_WHAT YOU WILL DO:_
Begin the copy at the line containing "I took this" in the data below and end it at the line containing "Gaya Kompak Beyonce", keeping each line exact and leaving out pictures.

_DATASET EXCERPTS:_
○ ○ ○ ○ ○ ○ ○

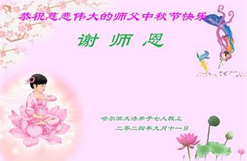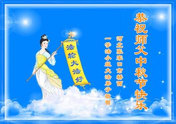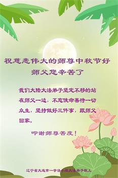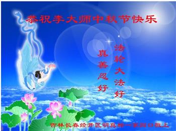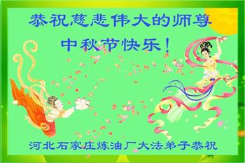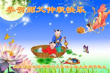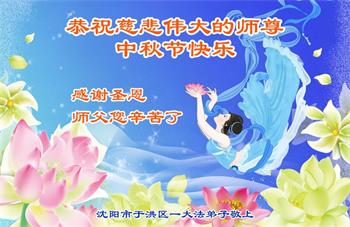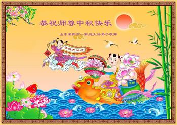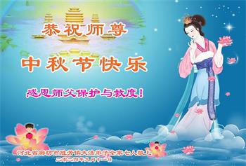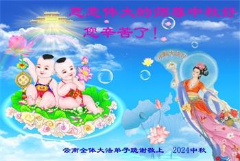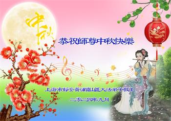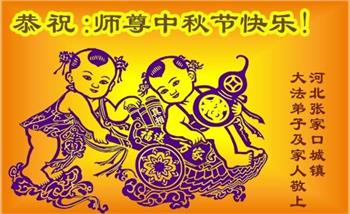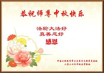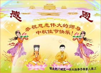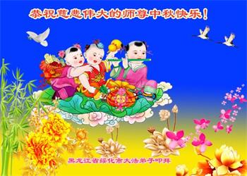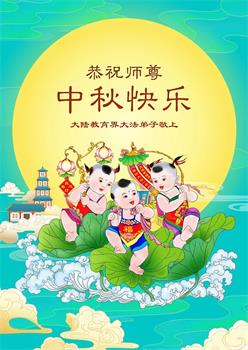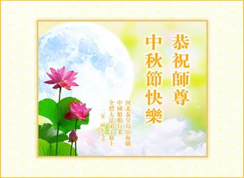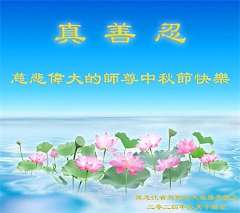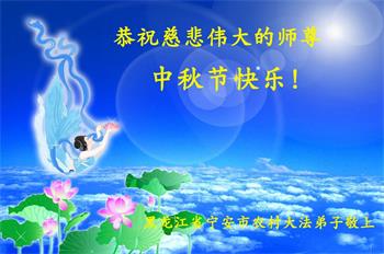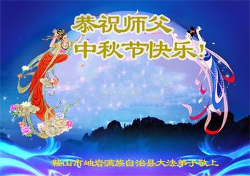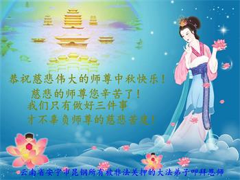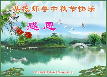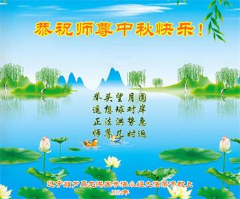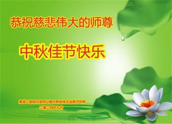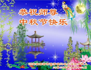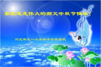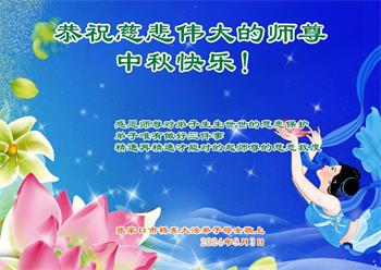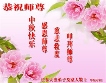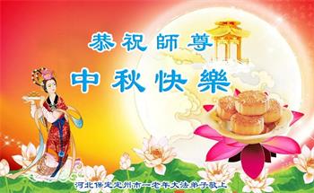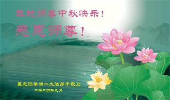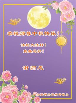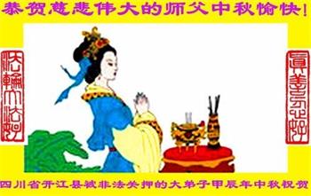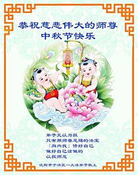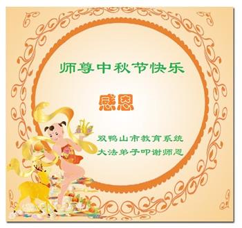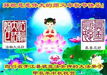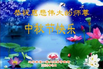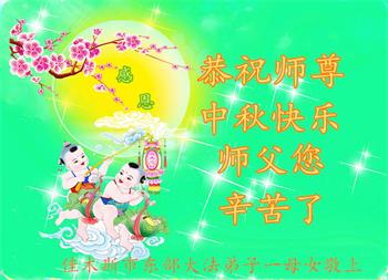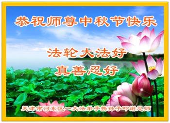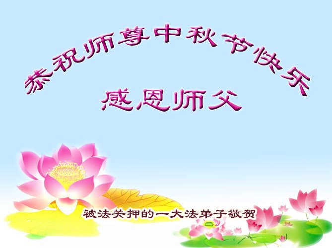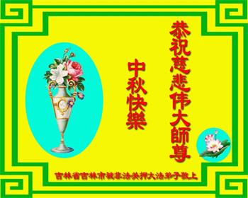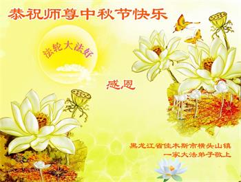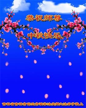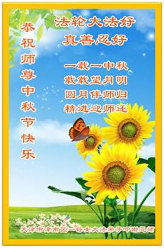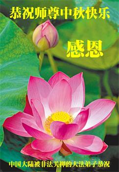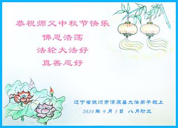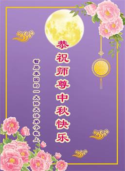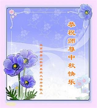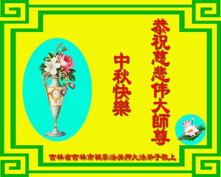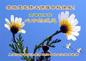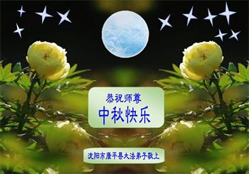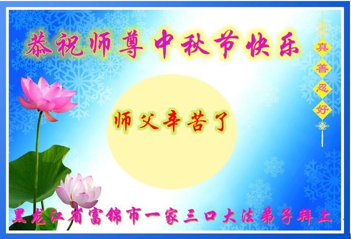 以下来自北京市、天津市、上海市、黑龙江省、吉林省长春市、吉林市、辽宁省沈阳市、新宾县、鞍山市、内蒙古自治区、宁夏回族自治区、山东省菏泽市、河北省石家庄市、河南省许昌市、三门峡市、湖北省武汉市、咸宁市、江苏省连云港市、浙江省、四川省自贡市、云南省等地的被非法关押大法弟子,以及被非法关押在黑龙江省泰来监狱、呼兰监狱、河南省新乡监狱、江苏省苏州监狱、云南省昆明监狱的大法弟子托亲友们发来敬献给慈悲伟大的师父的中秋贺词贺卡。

○ ○ ○ ○ ○ ○ ○

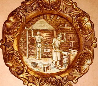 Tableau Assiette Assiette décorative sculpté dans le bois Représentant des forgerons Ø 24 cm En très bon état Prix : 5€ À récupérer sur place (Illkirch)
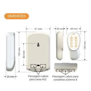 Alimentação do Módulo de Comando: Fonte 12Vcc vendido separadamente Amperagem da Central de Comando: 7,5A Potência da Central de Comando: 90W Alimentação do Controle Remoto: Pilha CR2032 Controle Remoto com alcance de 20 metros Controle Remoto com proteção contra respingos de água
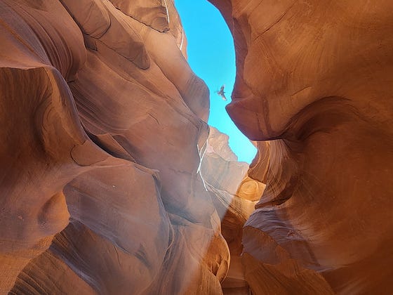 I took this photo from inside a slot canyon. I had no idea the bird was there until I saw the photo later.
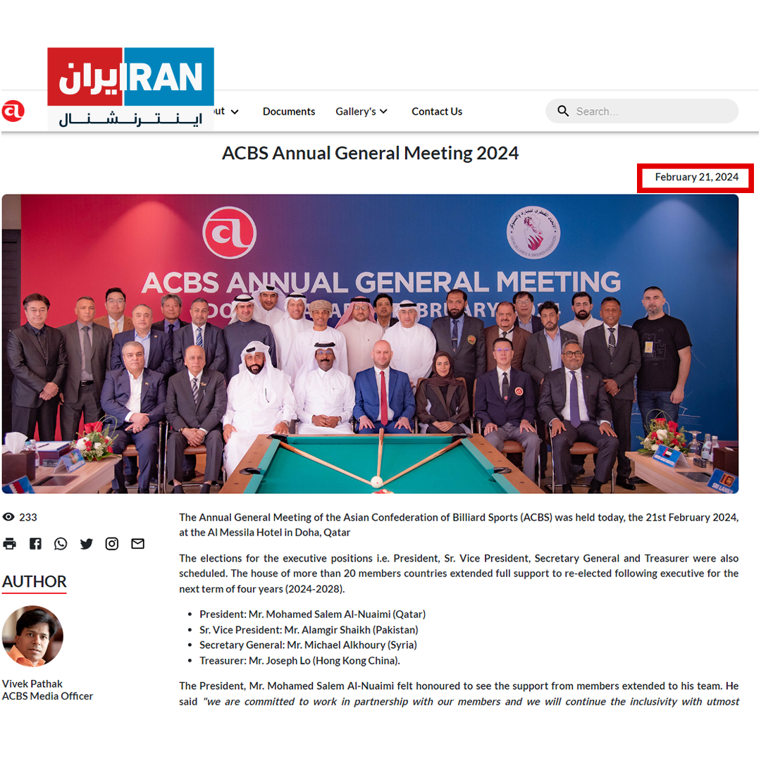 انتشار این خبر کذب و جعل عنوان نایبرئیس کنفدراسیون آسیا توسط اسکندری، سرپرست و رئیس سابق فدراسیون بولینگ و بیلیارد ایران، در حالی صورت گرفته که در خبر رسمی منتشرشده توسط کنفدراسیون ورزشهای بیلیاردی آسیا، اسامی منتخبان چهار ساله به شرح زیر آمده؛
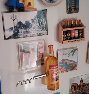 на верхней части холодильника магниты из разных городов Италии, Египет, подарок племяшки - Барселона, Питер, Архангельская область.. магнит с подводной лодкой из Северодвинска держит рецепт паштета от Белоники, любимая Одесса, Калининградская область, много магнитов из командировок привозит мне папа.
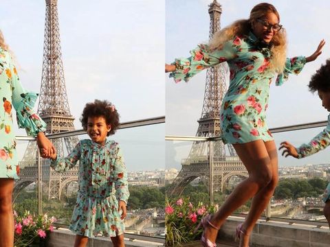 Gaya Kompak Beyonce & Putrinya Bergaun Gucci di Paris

○ ○ ○ ○ ○ ○ ○

_RESPONSE FOR THIS EXERCISE:_
 I took this photo from inside a slot canyon. I had no idea the bird was there until I saw the photo later.
 انتشار این خبر کذب و جعل عنوان نایبرئیس کنفدراسیون آسیا توسط اسکندری، سرپرست و رئیس سابق فدراسیون بولینگ و بیلیارد ایران، در حالی صورت گرفته که در خبر رسمی منتشرشده توسط کنفدراسیون ورزشهای بیلیاردی آسیا، اسامی منتخبان چهار ساله به شرح زیر آمده؛
 на верхней части холодильника магниты из разных городов Италии, Египет, подарок племяшки - Барселона, Питер, Архангельская область.. магнит с подводной лодкой из Северодвинска держит рецепт паштета от Белоники, любимая Одесса, Калининградская область, много магнитов из командировок привозит мне папа.
 Gaya Kompak Beyonce & Putrinya Bergaun Gucci di Paris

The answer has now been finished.